Monday 13 July 2020 2:01 pm

Boohoo shares plunge as major shareholder dumps stock

Boohoo shares continued last week’s downturn this morning, slumping as much as 15.4 per cent as the decision by one of the fast fashion retailer’s biggest shareholders to dump the majority of its stock continued to spook investors. 

Standard Life Aberdeen (SLA), the UK’s largest listed asset manager, on Friday sold off shares in the fashion brand worth nearly £80m, following allegations of poor working conditions at a factory in Leicester linked to the firm. SLA was the company’s sixth largest shareholder before the stock sale. 

Read more: High street footfall suffers even as retail starts to reopen

The asset manager slammed Boohoo’s “inadequate” response to a Sunday Times investigation which revealed workers at Leicester’s Jaswal Fashions factory, which makes clothes for Boohoo’s Nasty Gal brand, were paid as little as £3.50 an hour. 

“Having spoken to Boohoo’s management team a number of times this week in light of recent concerning allegations, we view their response as inadequate in scope, timeliness and gravity,” said Lesley Duncan, deputy head of UK equities at Aberdeen Standard Investments, SLA’s fund management business.

Boohoo shares fell as little as 209.9p last Thursday before recovering to 280p at market close on Friday. Shares were down 15.4 per cent to 236.5p this morning, before settling slightly to 239p at 2pm. 

Boohoo last week said it was “shocked and appalled” by the revelations of working conditions at the Leicester factory, and attempted to distance itself from the supply chain in question.

In a statement, the fashion firm said its supplier Revolution Clothing had instructed another company — Morefray Limited — to fulfil an order for its brand Nasty Gal. Boohoo terminated its relationship with both companies saying they had broken its code of conduct.

Photos released yesterday by the Daily Mail showed Mahmud Kamani, the billionaire co-founder of Boohoo, on a night out with Asheem Sobti, the director of Revolution Clothing in 2017.

The paper reported that the two have socialised together on numerous occasions, including holidaying with one another’s families, and Sobti receiving an award on behalf of Kamani at the 2014 Asian Achievers Awards.

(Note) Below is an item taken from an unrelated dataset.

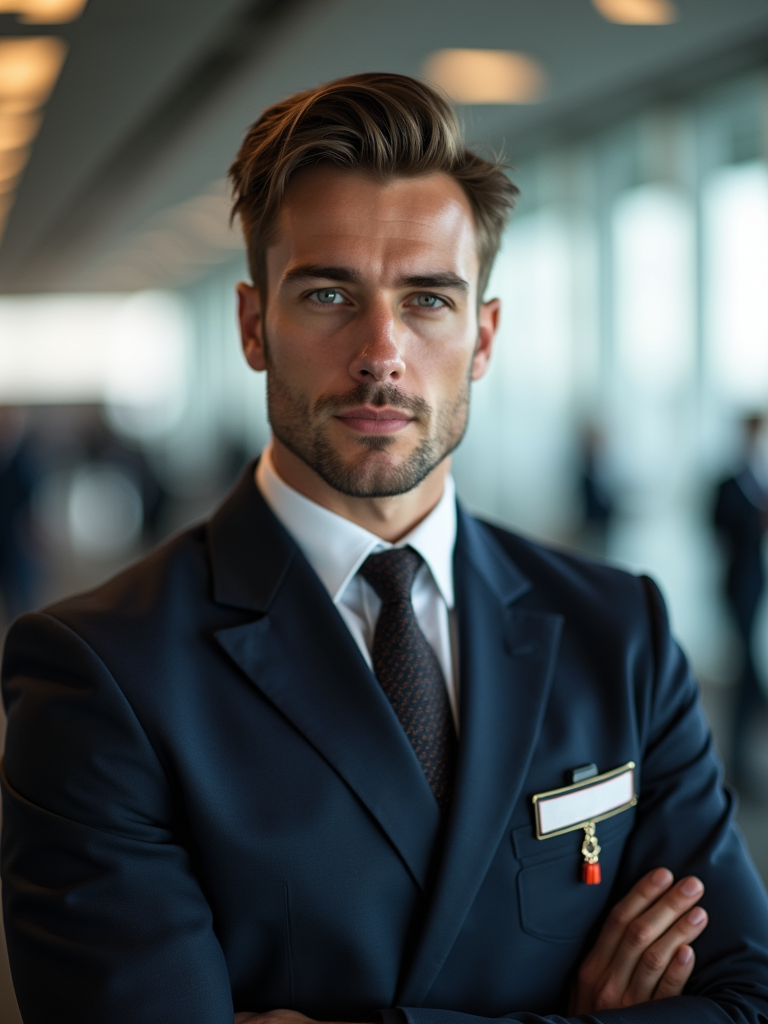 model as a flight attendant at airport briefing room, wearing an imposing figure in a sharp flight attendant uniform with name tag and muscular frame, preparing for flight with colleagues

And the online retailer’s announcement on Wednesday that it will launch an independent review of its UK supply chain and plug £10m in “eradicating malpractice” did little to ease investors.

Swiss hedge fund PSquared Asset Management last week launched an attack on shares in Boohoo following the factory allegations, placing bets worth more than £20m against the company’s stock. 

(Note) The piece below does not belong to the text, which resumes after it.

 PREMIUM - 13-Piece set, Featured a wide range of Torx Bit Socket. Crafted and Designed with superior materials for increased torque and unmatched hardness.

Short sellers use borrowing contracts to sell shares and buy them back when the price falls, making a profit on the price difference. 

Major retailers Next, Zalando, Amazon and Asos all cut ties with the fast fashion brand last week, wiping £1.5bn from the fast fashion brand’s value in just two days.

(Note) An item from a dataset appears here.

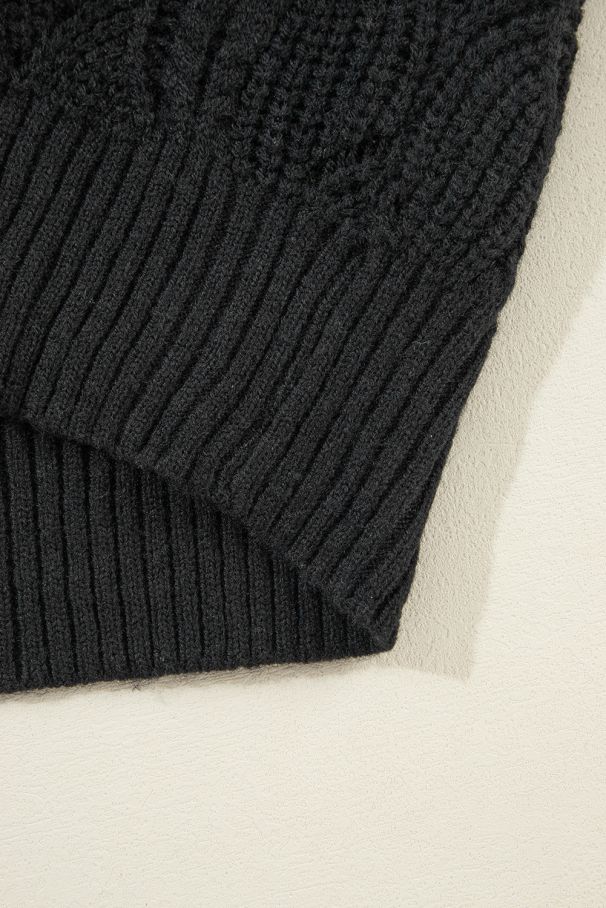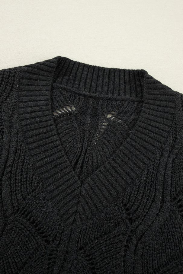 Начало Всички дрехи Дамски черен пуловер с V-образно деколте

It comes as a separate Boohoo warehouse in Sheffield was yesterday branded a “breeding ground” for coronavirus, after 25 workers tested positive for coronavirus and dozens more suffered symptoms. 

Workers at the building, which distributes garments for Boohoo’s Pretty Little Thing label, said they were forced to continue working 12-hour shifts throughout lockdown despite social distancing rules. 

Read more: Quiz suspends supplier after Leicester factory exploitation claims

Sheffield South East MP Clive Betts told the Sunday Times that 50 workers had contacted him to voice concerns about procedures at the warehouse.

One worker reportedly told him: “The warehouse is completely full, people are virtually on top of each other with nothing put in place for social distancing, no PPE whatsoever – it’s a breeding ground for the virus and needs closing down ASAP!”

Home secretary Priti Patel yesterday said she feared “cultural sensitivities” have prevented police from cracking down on illegal sweatshops in the UK’s fast fashion industry amid concerns that they would be accused of racism.

Patel said she is now considering an overhaul to modern slavery laws over concerns that current legislation is “not fit for purpose”.